Texto y fotos Cony Herrera López/NOTIVER
En el Centro Veracruzano de las Artes ´Hugo Argüelles´, se llevó a cabo el concierto ´Del Barroco al Modernismo´, de la pianista Raquel Fisk, quien compartió su gran talento con decenas de personas que asistieron y disfrutaron de la velada musical realizada el jueves nueve de abril.
Raquel Fisk debutó a los 14 años en Carnegie Hall, tras realizar a los 13 años su primera gira en China, consolidándose como una de las jóvenes pianistas más prometedoras de su generación.
Ha sido solista con destacadas orquestas en México, como la Sinfónica de Xalapa, interpretando conciertos de Saint-Saëns, Tchaikovski y Mozart.
Ganadora del primer lugar en las competencias Ruth Davidson (NEPTA), MTNA y Bay State, y acreedora a reconocimientos en EE. UU; ha recibido elogios de la crítica, incluido el Festival Bach de Bethlehem.

Formada bajo la guía de distinguidos maestros, a los 18 años fue invitada a continuar sus estudios en Florencia con el pianista Andrea Lucchesini.
Posteriormente obtuvo la licenciatura en el Conservatorio de Música de San Francisco, donde estudió con Jon Nakamatsu y recibió una formación intensiva en música de cámara con Julio Elizalde.
Raquel actualmente continúa su preparación de maestría en la Barenboim – Said Akademie en Berlín, dentro de la cátedra de András Schiffff.
El programa que presentó la artista en Veracruz incluyó piezas de Bach, Beethoven, Ravel, Ginastera y Stravinsky, al respecto, comenta a NOTIVER:
“La primera parte trae una suite de Bach, que son pequeñitos movimientos de danzas francesas; traemos Alborada del Gracioso, que no es un baile, pero más bien es un gracioso que se puede imaginar que se está bailando por la alborada; después tenemos danzas argentinas de Ginastera y aparte de eso tenemos Petrushka de Stravinsky, que es efectivamente una obra hecha para solo piano, se compuso originalmente para un ballet.
Por eso pensé en incluir las danzas de Bach, para combinar lo clásico con lo más popular, algo de más baile; y la sonata de Beethoven que es muy virtuosa, también tiene mucha electricidad que combina bien con el tema del baile”.

Para la artista oriunda de Boston, EEUU, con raíces veracruzanas ya que su mamá es de Xalapa, el camino en la música requiere de ciertos sacrificios:
“Empecé a los tres años y medio de edad a estudiar mucho, sobre todo a partir de los 13 años; pero son sacrificios que nunca los he visto así, de esa forma, como de que tengo que sacrificar una cosa para tener otra.
Siempre ha sido un placer escoger el piano primero, escoger mi arte, y me siento muy feliz de poder compartir esa música con el público”.
Actualmente Raquel sigue preparándose:
“Acabo de empezar mi maestría en Berlín, estoy estudiando con el maestro Sir András Schiffy, es un gran maestro en la música de Mozart, Bach, interpretaciones también de Beethoven, y de Bartók.
Estoy disfrutando mucho mis estudios allá, pero vine para echarme unos conciertitos para disfrutar del público de Veracruz y también tengo un concierto en la Ciudad de México con la UNAM el 16 de abril, después regreso inmediatamente para completar mis cursos”.
Muy enfocada en su preparación, convencida en aprovechar al máximo la gran oportunidad que tiene, ya que es una decisión que toma con mucha seriedad, Raquel Fisk comparte sus puntos de vista:
“Creo que la juventud se puede relacionar con la música en muchas formas, sobre todo porque es la base de nuestra cultura social.

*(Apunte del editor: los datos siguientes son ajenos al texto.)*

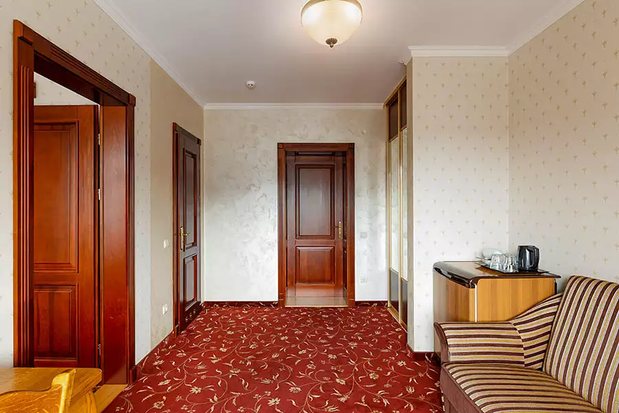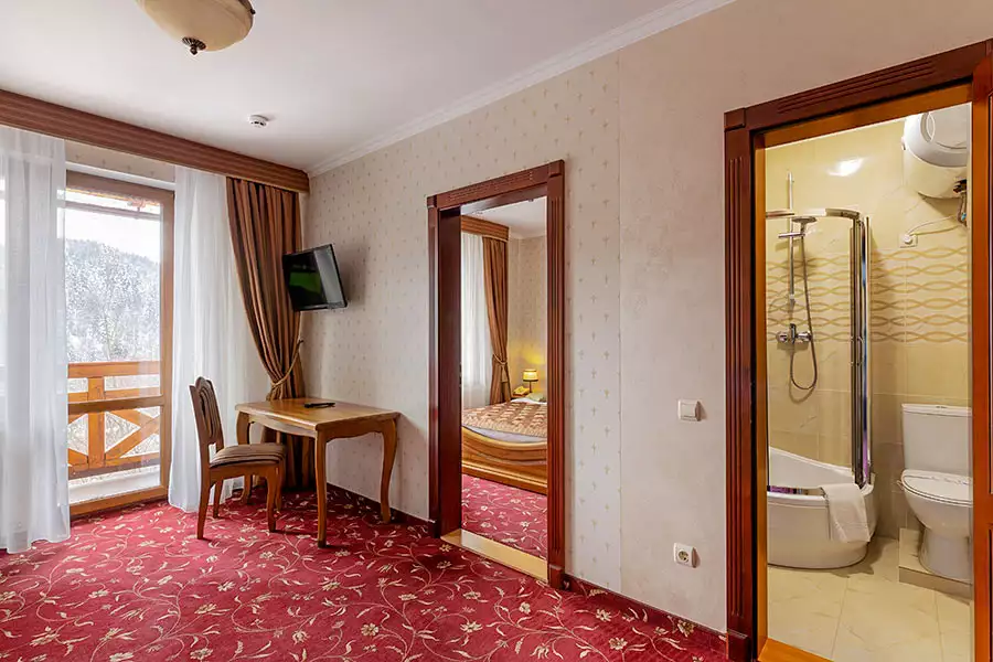 Напівлюкс – двокімнатний номер для комфортного розміщення 2-4 гостей. Зручності: двоспальне ліжко і розкладне ліжко-диван, окрема ванна кімната. Балкон в апартаментах відкриває краєвид на карпатські пейзажі. Два телевізори з супутниковими каналами, безкоштовний WiFi, телефон, сейф, холодильник та шафа для одягу – у цьому номері є все необхідне для комфортного відпочинку.

En lo personal también escucho mucho reggaetón y música popular, me encanta el rapeo, creo que todo es arte y todo es música.
Pero también el estilo de vida es algo muy importante para mí, me enfoco mucho en preservar mi salud, mi cuerpo, cuido bien lo que como, y también me encanta ir al gimnasio, hacer calistenia, son cosas que a veces no se piensan cuando uno piensa en un músico, pero creo que realmente van juntos, es como algo conectado, porque ser músico es una forma de vida, y si tú le respetas tu vida, pues también vas a respetar tu arte”.

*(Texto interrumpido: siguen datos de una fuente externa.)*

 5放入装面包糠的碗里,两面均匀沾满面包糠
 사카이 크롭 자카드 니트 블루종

Finalmente, la pianista afirma:
“El arte es para todos, no es para un grupo en particular, soy muy fan de eso, creo que todos debemos tratar de disfrutar del arte, porque en realidad cambia mucho la calidad de nuestra vida, sobre todo en un siglo donde estamos todos metidos en nuestros teléfonos, en la tecnología, en no tener muchas interacciones humanas; la música es algo que expresa el estado humano, es la cosa más importante de disfrutar, entonces ve a un museo de arte, ve a un concierto y disfruta de la capacidad creativa del ser humano”.